Читать книгу Хрустальная сосна. «Где, в каких краях встретимся с тобою?..» - Виктор Улин - Страница 8
Книга первая
Часть первая
6
ОглавлениеВ первый же вечер выяснилось, что кто-то из нас должен идти на ферму за молоком.
– Саша-командир велел часов в десять отправляться, – сказала за ужином Тамара. – Это недалеко отсюда. Говорит, километра два в один конец.
– Знаю, – сказал я. – Мы прошлом году тоже за молоком на ферму ходили. Правда, не отсюда, а из деревни. Ближе получалось.
– Пошли, тогда сегодня мы сходим, что ли? – предложил Славка.
– Давай, – согласился я. – Обновим парное молоко… Давай, Тамара, справку от председателя…
В десять часов, прихватив две пустые десятилитровые фляги, стоявшие на кухне еще с той смены, мы двинулись в путь.
Вечерело. Воздух пока держал теплый солнечный свет – но само солнце клонилось к закату. Большое, круглое и красное, висело оно за нашими спинами, над черными деревьями острова.
Мы не спеша шагали по серой колее, пробитой грузовиком через луг. Потом поднялись наверх около паромной переправы и зашагали по пыльной дороге.
Вечерняя дорога, которой не казалось конца, лежала перед нами. Красное солнце осталось позади, быстро падая в расселину между островом и высоким правым берегом. А перед нами над дорогой, над дрожащей в далекой сумеречной дымке деревней, и даже над густо лиловеющей цепью неблизких гор, перекинулась полоса облаков. И солнце, прощаясь, красило их в нежный розовато-сиреневый цвет.
– Смотри, какое чудо эти облака, – почему-то тихо сказал я. – Какой удивительный цвет…
– Как черносмородинное мороженое, – вздохнул Славка.
– Черносмородинное? А где тебе его доводилось пробовать? Неужто в нашей дыре его где-то подают?
– Нет, конечно. В Москве как-то раз. В командировке.
– В командировке… – повторил я. – В командировке – боже мой, какое гнусное слово. Командировка, командир, начальник, план, аттестация, работа… Как далеко вся эта гадость сейчас. Звонок будильника, турникет, охота за свободным вкладышем…
– Ругань начальника, – продолжил Славка. – И очередь у кассы за несколькими трешницами.
– И у кассы тоже… Ничего этого теперь нет. Словно ничего и не было – ни телефонных звонков, ни давки в автобусе. Ни-че-го. Никакой этой мышиной возни. Нет и не будет целых четыре недели. Ничего, кроме этой вечерней дороги.
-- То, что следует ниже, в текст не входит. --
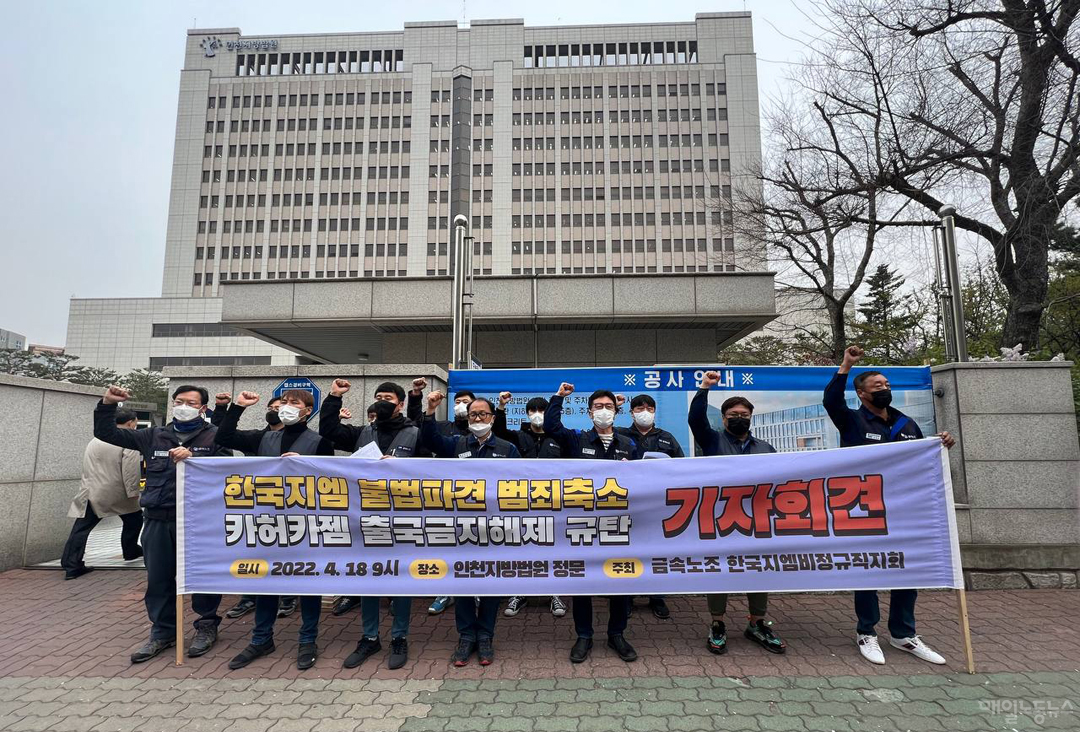 한국지엠비정규직지회는 이날 오전 인천 미추홀구 인천지법 앞에서 기자회견을 열고 “불법파견 범죄자 카허 카젬 사장 출국금지 해제를 중단하라”고 주장했다. 지난달 3일 법무부와 검찰은 불법파견 혐의로 재판을 받는 카허 카젬 사장에 출국금지 조치를 취했지만, 같은달 25일 출국금지 해제를 결정했다.

И сиреневой дымки заката, и свода облаков, нависших малиновой аркой над нами, и звука наших шагов в теплой пыли, и тихого позвякивания крышек на пустых флягах…
– Красиво говоришь, Женя, – улыбнулся Славка. – Ты, случаем, стихи не пишешь?
– Стихи? Да нет, даже не пробовал никогда. Жизнь – она, знаешь, как-то больше все прозой диктует…
– Да, прозы хватает… Вот, например, перед самым отъездом начальник мне ласково сказал… А! – он ожесточенно взмахнул рукой, прерывая сам себя. – Ну его к едреной матери. Всех и все – к едреной матери… Не хочу ни о чем даже вспоминать. Ты прав – ничего не надо, пусть ничего больше сейчас не будет. Только твоя вечерняя дорога.
– «Вечерняя дорога», а сам материшься, как кучер, – усмехнулся я.
– И это верно, – вздохнул Славка.
Ферма раскинулась невдалеке от дороги, чуть ближе деревни – почти сразу за кладбищем.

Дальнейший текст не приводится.